Plus he had antiseptic wipes in the first-aid kit in the truck.
Dog snouted into the grass and then let his body follow with a serpentine flop, rolling onto his back to grant Evan access to his belly.
His paws swatted Evan’s shirt, leaving smudges on the facial-recognition-thwarting pattern.
It bothered Evan but he let it go, not wanting to abbreviate the celebration.
He gave Dog long smooth rubs up along the curve of his belly and barrel chest.
“He really likes you,” the dog sitter said.
Evan stood. “Thanks for meeting me out, Natalie.”
“Joey insisted,” Natalie said. “She can be quite adamant.”
“That is one word for her.”
Natalie wore a trucker cap with a Flathead Lake insignia on it, wisps of brownish-blond hair framing her cheeks. “She said you’re her uncle-person?”
“Sort of.”
“Family’s what we make, right?”
“I suppose that is right.” Standing back, he snapped a picture of Dog with the RoamZone.
“Not like that,” Natalie laughed. “You need his face in it. Come here. Up boy, up. Now sit. Okay. Wait, what filter are you using?”
“It’s just a picture.”
“C’mere. Gimme your phone. Wait— What kind of phone is this?”
“A super-secret phone.”
She laughed. “Maybe you’re not such a boomer after all.” Poking at his screen, she brought up portrait mode. “Okay, now kneel by Dog.”
Evan obeyed and she snapped his picture. She glanced at the result. “That’s weird. Your face is all fuzzed out.”
“That’s okay,” he said, taking the phone back. “No one needs to see my face.”
She played with a yin-yang medallion around her neck. “Well, we got your picture. Now Joey’ll get off both our backs.”
“I doubt that very much.”
The smell of wet grass carried on the breeze.
People were out speed-walking or picnicking or playing pickleball in the courts in the distance, the thonk thonk thonk of the rackets scoring the overcast afternoon.
Squatting, Evan scritched behind Dog’s ears and Dog leaned into his touch, closing his eyes and crinkling his mouth drunkenly on one side.
Then he rose to go.
“Take care, Natalie.”
“You, too.”
She reclipped the leash and Dog strained after him as he walked away.
Sitting in his truck, Evan texted the picture to Joey. Immediately a flood of stupid emojis came back. Crying faces and heart-spackled smiles and brown thank-you hands.

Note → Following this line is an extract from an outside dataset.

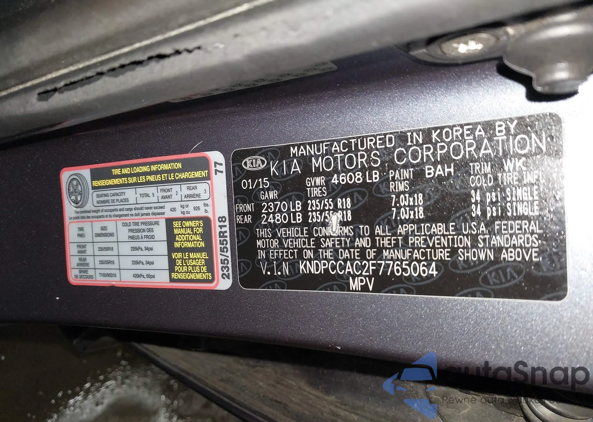 • VIN KNDPBCAC5F7781469

She sent a selfie back—her in Devine’s scarlet room, mouth ajar with joy.
He recalled Joey’s breakdown of dopamine release in the brain’s pleasure centers. He stared at the picture of her.
Girl.
Girl he already recognized looking like what she looked like.
What a dumb exercise.
Then he noticed the faintest lift of his heart.
He shut off the phone and drove to the airport.